Like Speaker Glenn Richardson, city officials believe that tax reform is needed. A recent Georgia Municipal Association survey shows that 72 percent of city officials believe the state's tax structure needs reforming. The plan the Speaker is proposing, however, "Georgia's Repeal of Every Ad-valorem Tax (GREAT)" is not the answer.

To the property owner who has seen rising tax bills as a result of rising assessments, the promise of "no more property tax" sounds appealing. But like the promises from TV infomercials of great fortune, everlasting youth or "lose 10 pounds in a week," when you look at the fine print, you see the catch. For Georgians, the catch of the GREAT plan is higher taxes and no say in how the revenues are spent.

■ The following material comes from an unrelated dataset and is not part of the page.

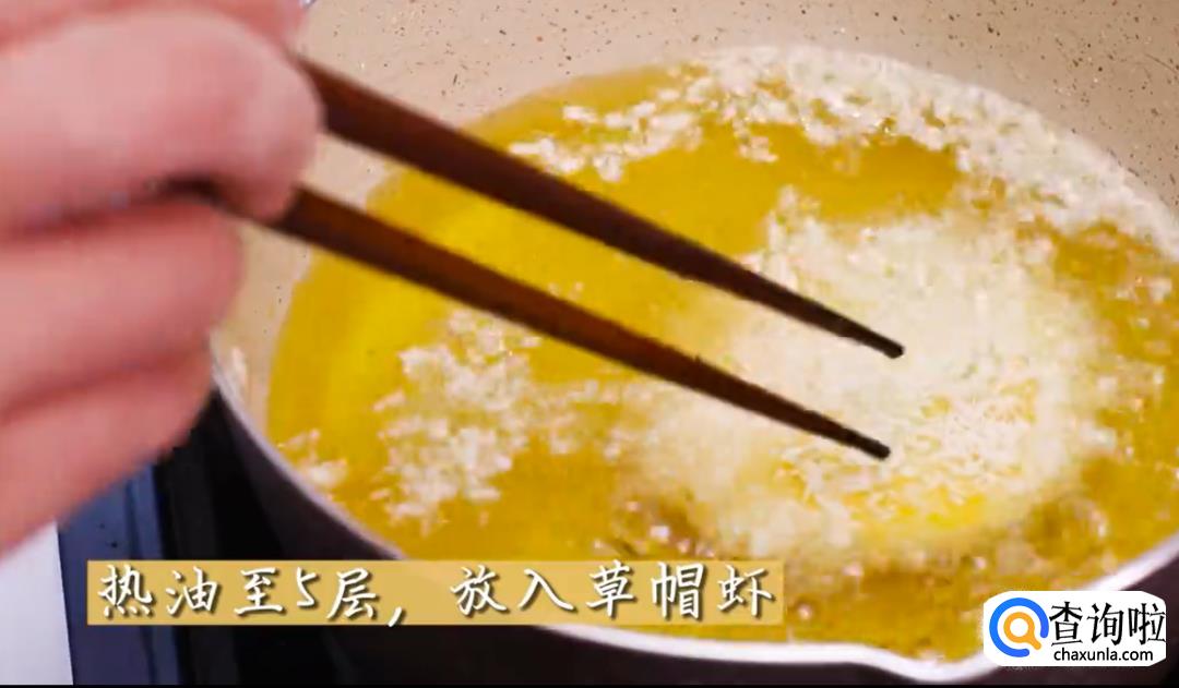 锅里油热到5成左右,放入草帽虾炸至金黄色捞出。

For the average Georgian, the GREAT plan will likely be a tax increase, one with no direct benefit to them. Instead of an annual property tax bill, Georgians will be quietly taxed for everyday services never taxed before. Every visit to the dentist, doctor and veterinarian; every car repair or maintenance which is done; every babysitter hired or daycare provider used; every haircut received or shirt taken to the dry cleaners will be taxed. And is there any assurance that those who pay these new taxes would receive any services from the state? Unlike the property tax, which is used to provide services to the people who pay the tax, the sales and service tax will be divided up by a handful of politicians in the state government and spent how they see fit.

Speaker Richardson says school boards, cities and counties will get the same revenue under his GREAT plan as they do today, and this may indeed be so. However, no community is static; growth, new industry, changing demographics and a multitude of other criteria require that local officials provide increases or different services to meet the changes their communities experience. But if the GREAT plan was adopted, no longer could citizens expect that these needs would be met or their voices heard.

The Speaker and other proponents of the plan talk about "local control" as if it matters only to local elected officials. It doesn't. A survey of Georgians earlier this year showed only 17 percent said they trusted state government to make local government funding decisions. And ask a homeowner whose house has burned down because an underfunded, under-staffed fire department couldn't get there in time how important local control is.

Legislators supporting the plan have said that local officials could go to the Capitol and ask for more funds if needed. We have seen, dramatically so in the last legislative session, how the state handles its own money; how it almost couldn't adopt a state budget to deal with pressing state issues and even when the budget was adopted, statewide crises in healthcare, transportation and other areas were ignored.

Yet now we are expected to believe that the legislature will not only adopt its constitutionally mandated state budget, but also deal with and understand the needs of over 600 local governments and their individual budget requests. Are we to trust that legislators from North Georgia will care that the citizens of Ty Ty want to start up a police force and need funds to do so? Or that legislators from South Georgia will have an interest in the traffic congestion in the metro area?

Adopting the budget at the local level takes significant time and public input. There are no such requirements at the Capitol. In fact, often lawmakers themselves are unsure of what they have approved in the state's budget until well after the budget has been adopted.

Our country was born on the cry of "No taxation without representation!" It's time for Georgians to rally that point again and let legislators know that decisions about local funding should remain at the local level. "Trust me, I'm from the government," isn't a GREAT plan for handling our revenues - it's not even a good plan.